Austrian composer, cellist and pianist

Franz Schmidt, also Ferenc Schmidt (/hu/, 22 December 1874 – 11 February 1939) was an Austro-Hungarian composer, cellist and pianist.

== Life ==
Schmidt was born in Pozsony/Pressburg, in the Hungarian part of Austria-Hungary (today Bratislava, Slovakia) to a half-Hungarian father – with the same name, born in the same city – and to a Hungarian mother, Mária Ravasz. He was a Roman Catholic.

His earliest teacher was his mother, an accomplished pianist, who gave him a systematic instruction in the keyboard works of J. S. Bach. He received a foundation in theory from Felizian Josef Moczik, the organist at the Franciscan church in Pressburg. He studied piano briefly with Theodor Leschetizky, with whom he clashed. He moved to Vienna with his family in 1888, and studied at the Vienna Conservatory (composition with Robert Fuchs, cello with Ferdinand Hellmesberger, and, for a few lessons, counterpoint with Anton Bruckner, who was already seriously ill at that time), graduating "with excellence" in 1896.

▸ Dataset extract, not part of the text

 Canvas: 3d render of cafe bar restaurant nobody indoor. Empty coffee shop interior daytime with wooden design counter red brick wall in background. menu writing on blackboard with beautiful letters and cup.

He obtained a post as cellist with the Vienna Court Opera Orchestra, where he played until 1914, often under Gustav Mahler. Mahler habitually had Schmidt play all the cello solos, even though Friedrich Buxbaum was the principal cellist. Schmidt was also in demand as a chamber musician. Schmidt and Arnold Schoenberg maintained cordial relations despite their vast differences in eventual outlook and style (Schmidt certainly shows a perceptible influence from Schoenberg's early, tonal works such as Verklärte Nacht, Op. 4, in whose Viennese première he participated as cellist, the Chamber Symphony No. 1, Op. 9 and the gigantic cantata Gurre-Lieder. Unable to procure a teaching position for Schoenberg at the academy, Schmidt rehearsed his students in a performance of Pierrot Lunaire, Op. 21 which Schoenberg warmly praised). Also a brilliant pianist, in 1914 Schmidt took up a professorship in piano at the Vienna Conservatory, which had been recently renamed Imperial Academy of Music and the Performing Arts. (Apparently, when asked who the greatest living pianist was, Leopold Godowsky replied, "The other one is Franz Schmidt.") In 1925 he became Director of the academy, and from 1927 to 1931 its Rector.

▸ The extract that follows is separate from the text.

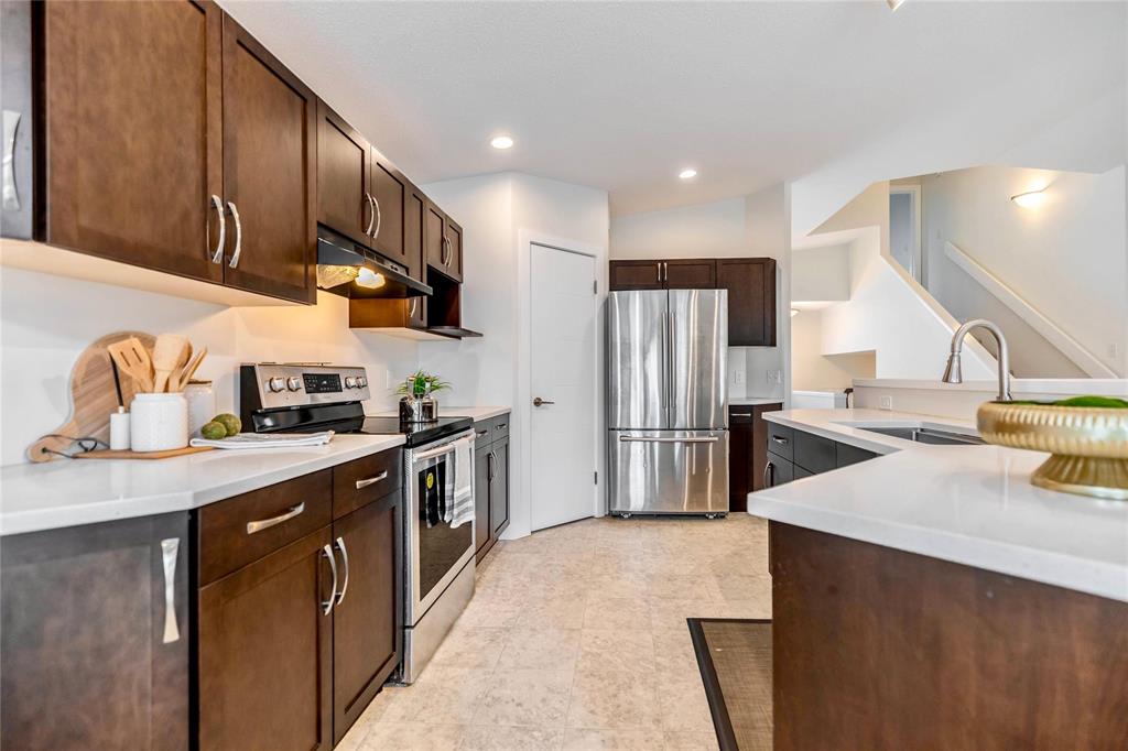 SS now. Offers As Received. OH Sunday 2PM-4PM.Welcome to 492 Stan Bailie Drive! This beautiful 1,666 sq.ft. cabover home offers a bright, open-concept design perfect for modern family living. The main level features a stylish kitchen w/ upgraded quartz countertops (2021), SS appliances, a spacious dining area and a warm family room centered around a cozy gas fireplace. Two well-sized bedrooms, a full bathroom & a versatile loft area—ideal for a living room or home office—complete the main floor. Upstairs, you’ll find an enlarged primary bedroom w/ a private ensuite(double vanity), offering a quiet retreat for your comfort. The home also features an expanded attached garage w/ a convenient side door. The front entrance provides access to the basement, w/ laundry located just beside the garage door. The bright basement, w/ Huge windows typical of a cabover design, offers excellent potential for future development. Located in a family-friendly neighborhood, just a short walk to public transit & a dual-track elementary school offering both English & French Immersion programs. With its thoughtful layout, modern finishes, and well-maintained condition, this home is truly move-in ready

As teacher of piano, cello and counterpoint and composition at the academy, Schmidt trained numerous instrumentalists, conductors, and composers who later achieved fame. Among his best-known students were the pianist Friedrich Wührer and Alfred Rosé (son of Arnold Rosé, the founder of the Rosé Quartet, Konzertmeister of the Vienna Philharmonic and brother-in-law of Gustav Mahler). Among the composers were Walter Bricht (his favourite student), Theodor Berger, Marcel Rubin, Alfred Uhl and Ľudovít Rajter. He received many tokens of the high esteem in which he was held, notably the Order of Franz Joseph, and an Honorary Doctorate from the University of Vienna.

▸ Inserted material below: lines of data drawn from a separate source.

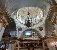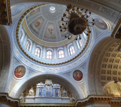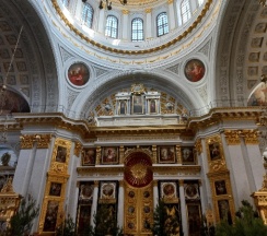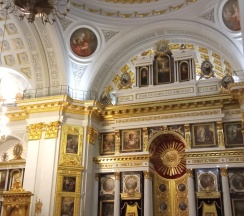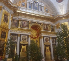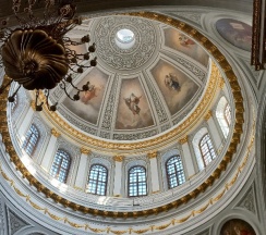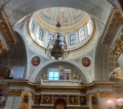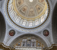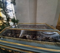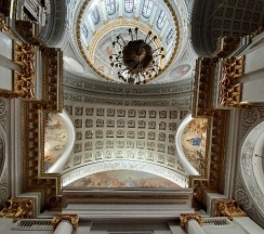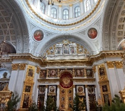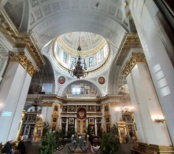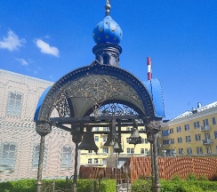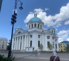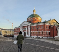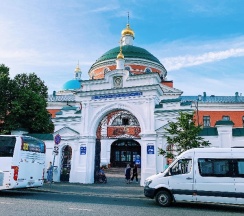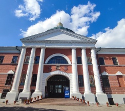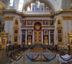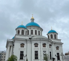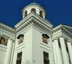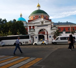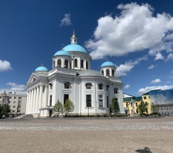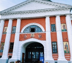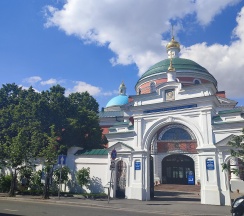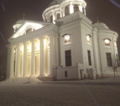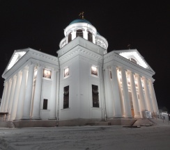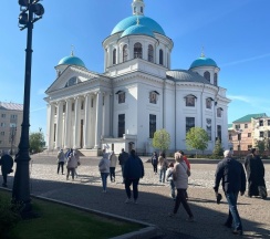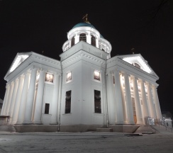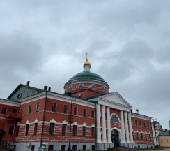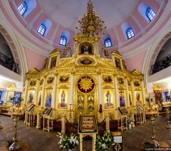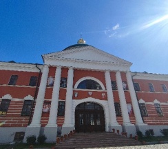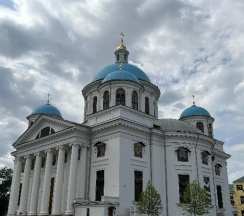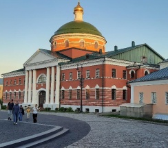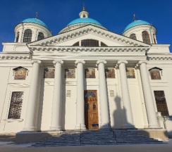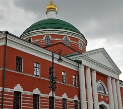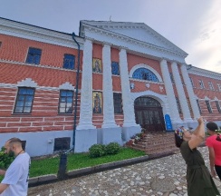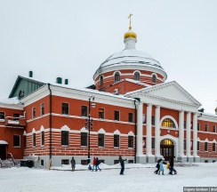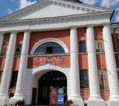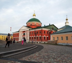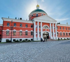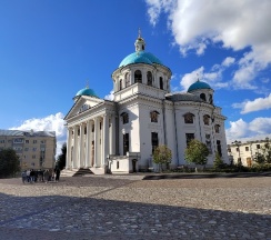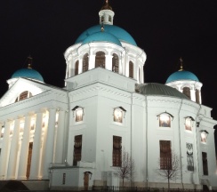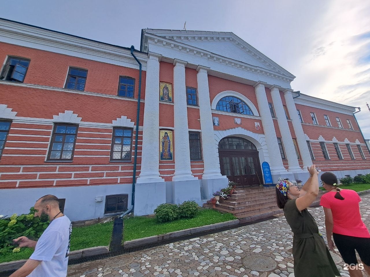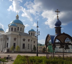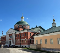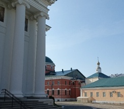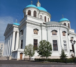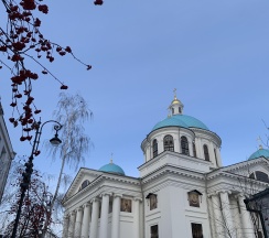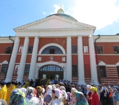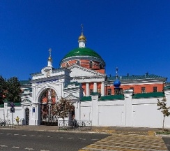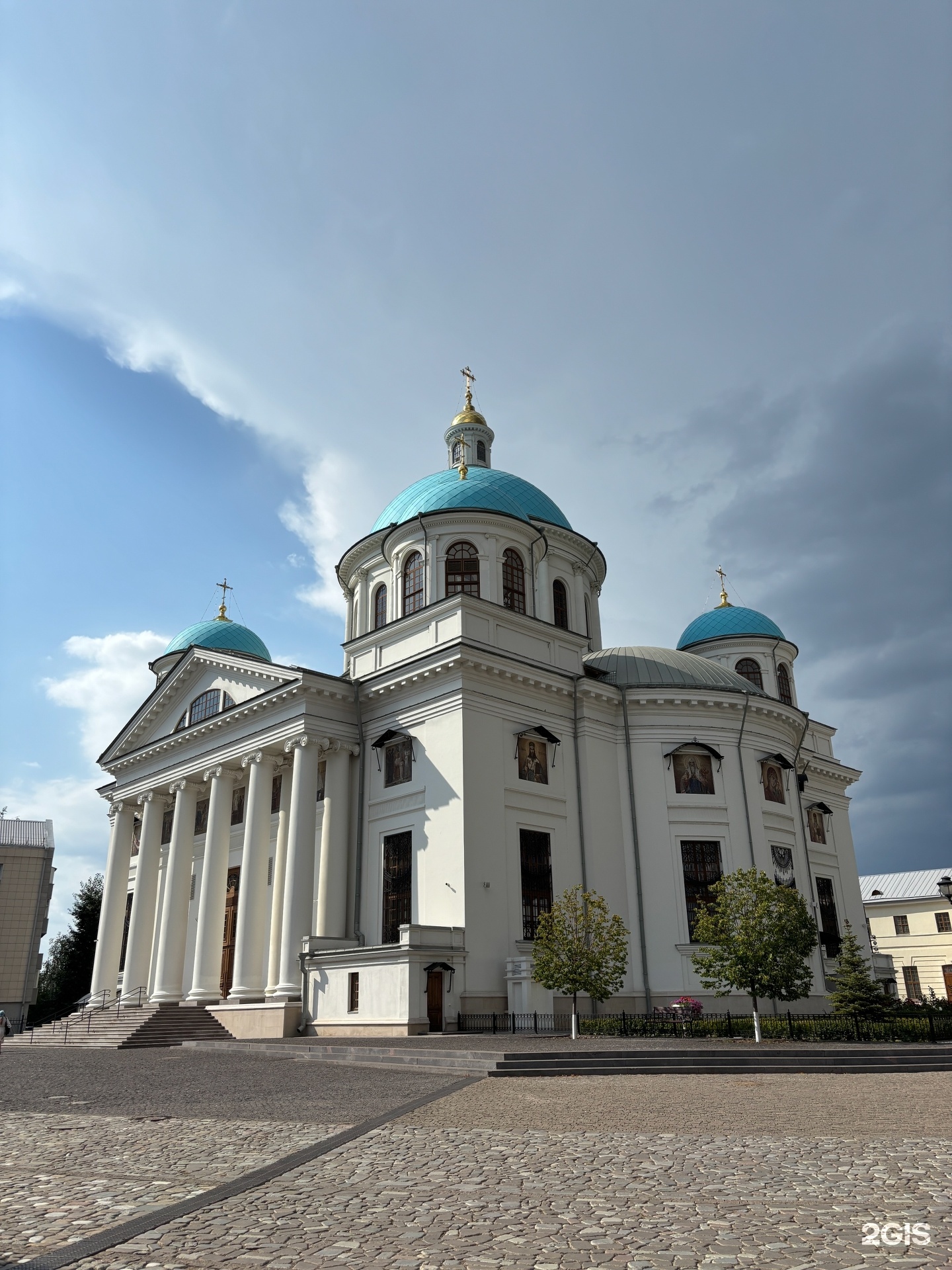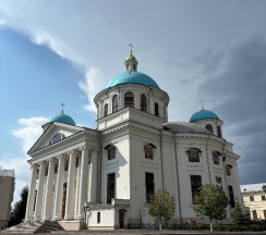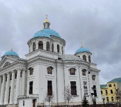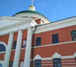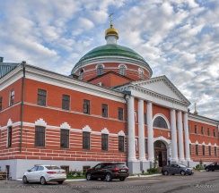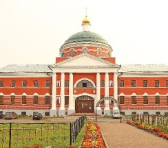 Крестовоздвиженский собор является частью Богородицкого монастыря. Церковь имеет мистический и вместе с тем несколько домашний вид, что соответствовало духовным настроениям российской аристократии того времени. Таинственный полумрак храма, массивные колоннады, иконостас в форме воздвигнутого четырехконечного креста, озаряемого золотыми лучами, падающими сверху сквозь круглое окно в потолке с отлитым на нем изображением всевидящего ока – все здесь должно рождать духовные ощущения у молящегося. Строительные и отделочные работы продолжались несколько лет, церковь была освящена лишь 15 сентября 1825 г. в честь Воздвижения Креста Господня, хотя все иконы были готовы уже в 1823 г. Церковь была устроена однопрестольной – во имя Животворящего Креста Господня.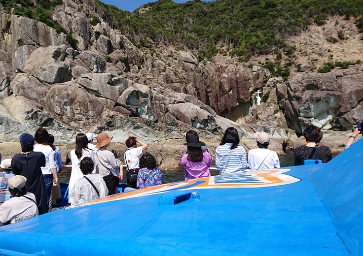 〈海上からしか見ることができないキリシタン洞窟〉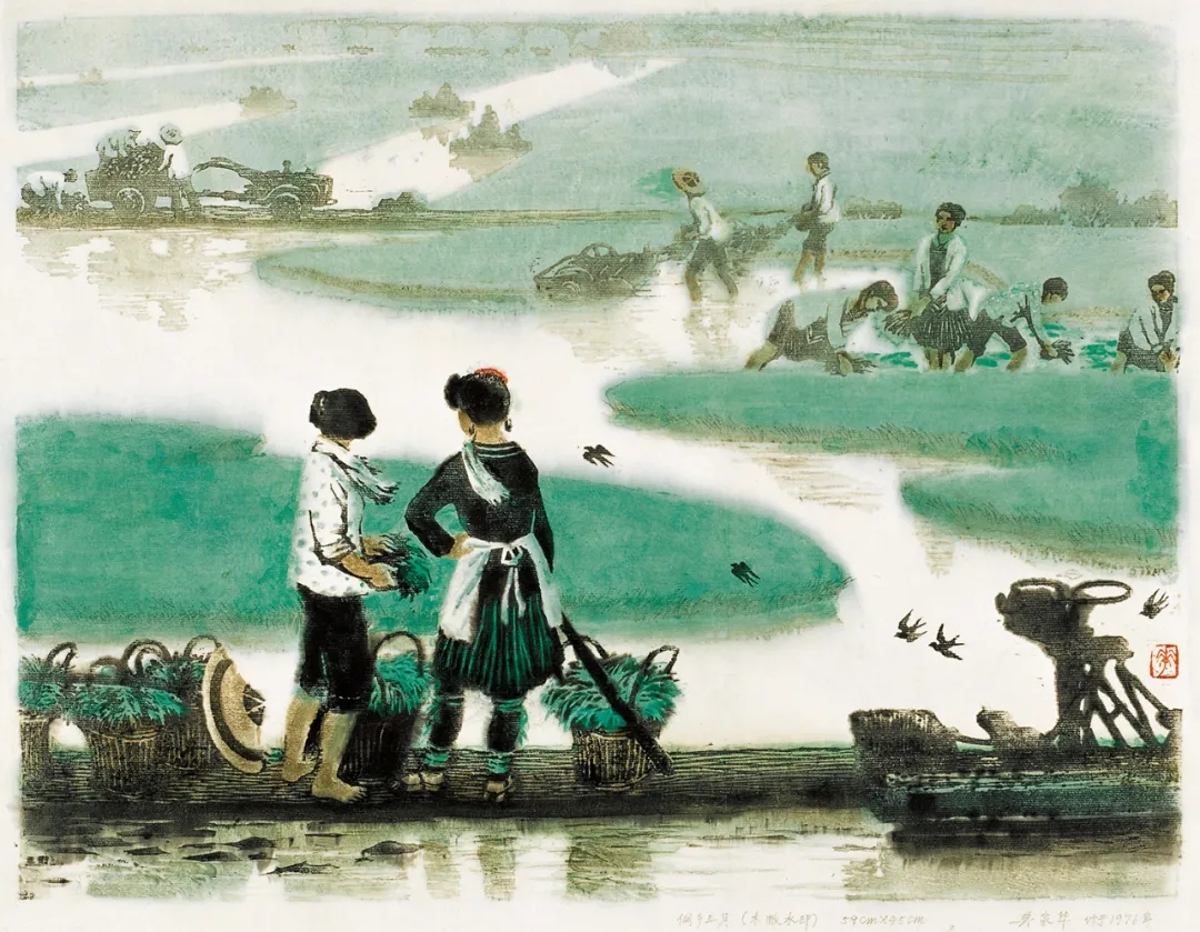 △吴家华,《侗乡三月》,水印套色,44cm×59cm,1976

Schmidt's private life was in stark contrast to the success of his distinguished professional career. His first wife, Karoline Perssin (c. 1880–1943), was confined in the Vienna mental hospital Am Steinhof in 1919, and three years after his death was murdered under the Nazi euthanasia program. Their daughter Emma Schmidt Holzschuh (1902–1932, married 1929) died unexpectedly after the birth of her first child. Schmidt experienced a spiritual and physical breakdown after this, and achieved an artistic revival and resolution in his Fourth Symphony of 1933 (which he inscribed as "Requiem for my Daughter") and, especially, in his oratorio The Book with Seven Seals. His second marriage in 1923, to a successful young piano student Margarethe Jirasek (1891–1964), for the first time brought some desperately needed stability into the private life of the artist, who was plagued by many serious health problems.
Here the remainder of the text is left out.